The Canadian beauty has been joined by model Doutzen Kroes in the attempt to raise awareness of the importance of health and to help models take the right path to being famous and appreciated for their looks.
Speaking at the CFDA’s new health initiative launch, Coco Rocha spoke of the pressures she had to face as a young model, when she was advised to look like an anorexic when she was just 15. Anorexia and bulimia are eating disorders that can affect both men and women and that have horrific results, leading even to death. Coco Rocha told Vogue that:
“I felt pressure early in my career. I was told: ‘The look this year is anorexic. We don’t want you to be anorexic, just look it.’ This message was especially troubling given the fact that I was only fifteen.”
The fashion industry has been blamed for promoting super skinny frame models, encouraging anorexia and bulimia, and after several deaths of models which battled these horrific illnesses, the modelling industry has finally decided to take a stand and opt for healthier looking models that are not all skin and bones. The new organization, which promotes the idea that health is beauty, implemented a new concept, that of having experienced models counsel their younger accessors. Coco Rocha also said that:
“These girls need to know that they have nutritionists, trainers, designers—an entire industry behind them.”

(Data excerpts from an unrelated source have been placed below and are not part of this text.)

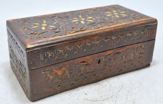 Vintage Wooden Small Fine Carved Jewelery Box Original Old Hand Crafted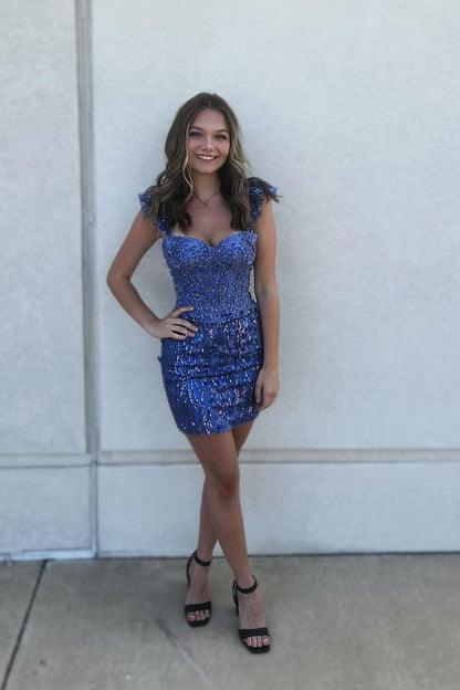 Cute Bodycon Blue Sequins Sweetheart Homecoming Dresses LD0625131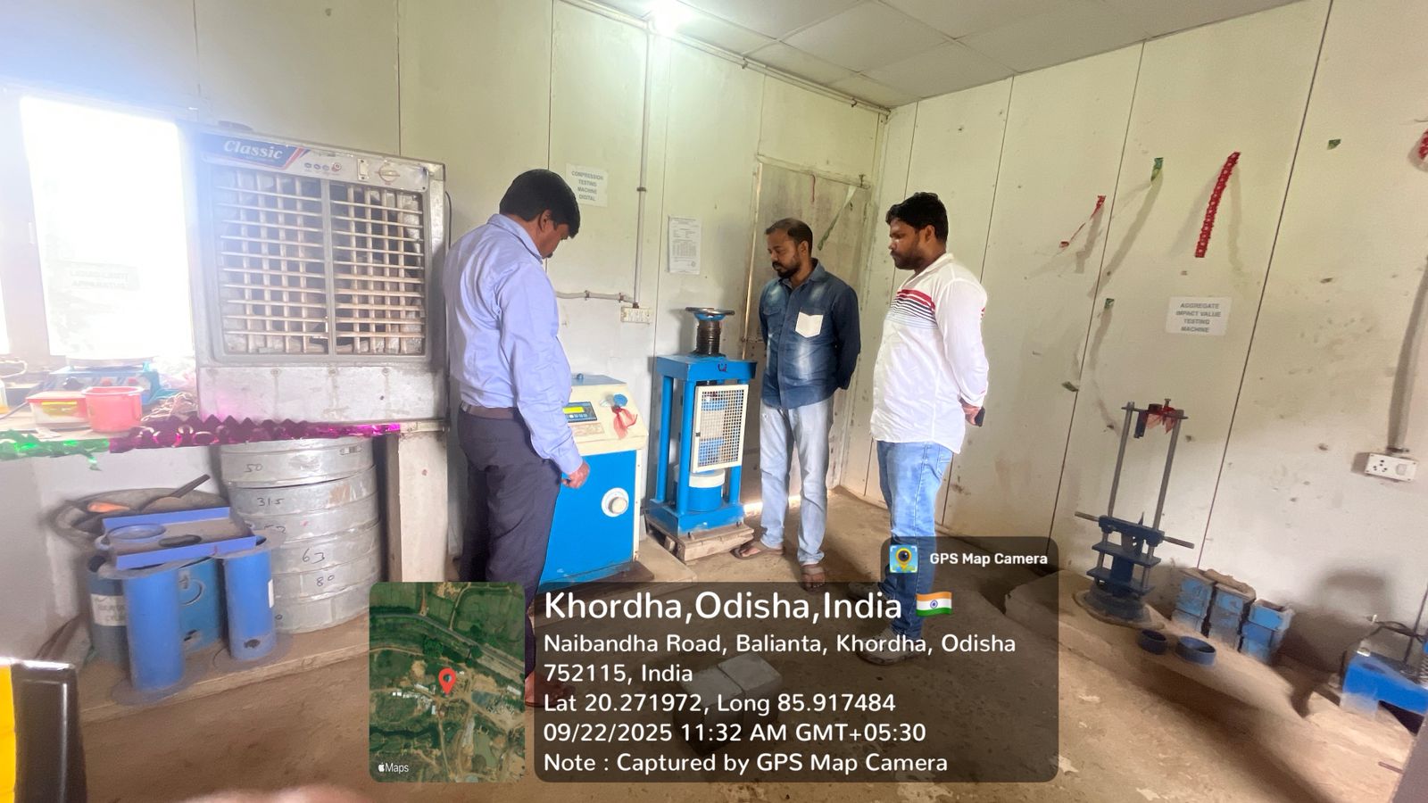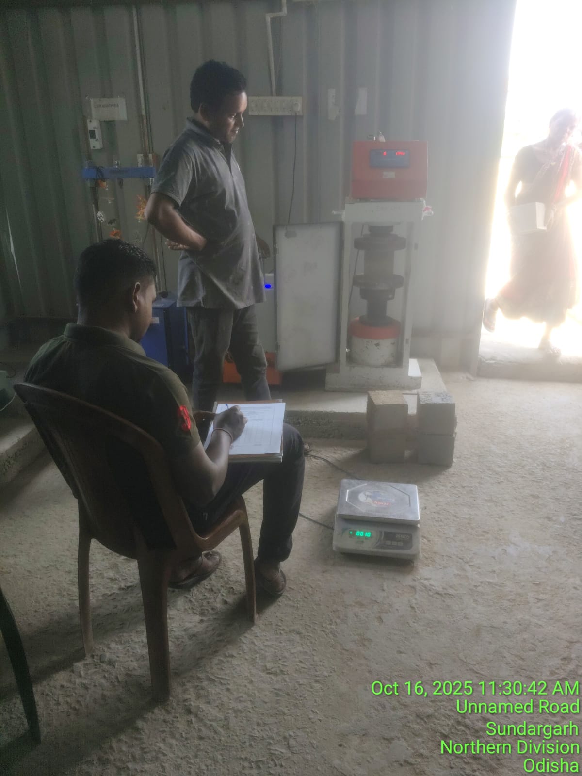 28 days cube test for CCM15A40 done at field laboratory of the ISS in presence of PSS Team.

At CFDA’s new health initiative launch, Coco Rocha was joined by Doutzen Kroes who also supports the idea of health as being beautiful. This is not the first time Coco Rocha has been open about the fact that models are sometimes encouraged to become anorexic, and she made it clear that this is something that she stands against. The Canadian Beauty once told New York Times that:
“How can any person justify an aesthetic that reduces a woman or child to an emaciated skeleton? Is it art? Surely fashion’s aesthetic should enhance and beautify the human form, not destroy it.”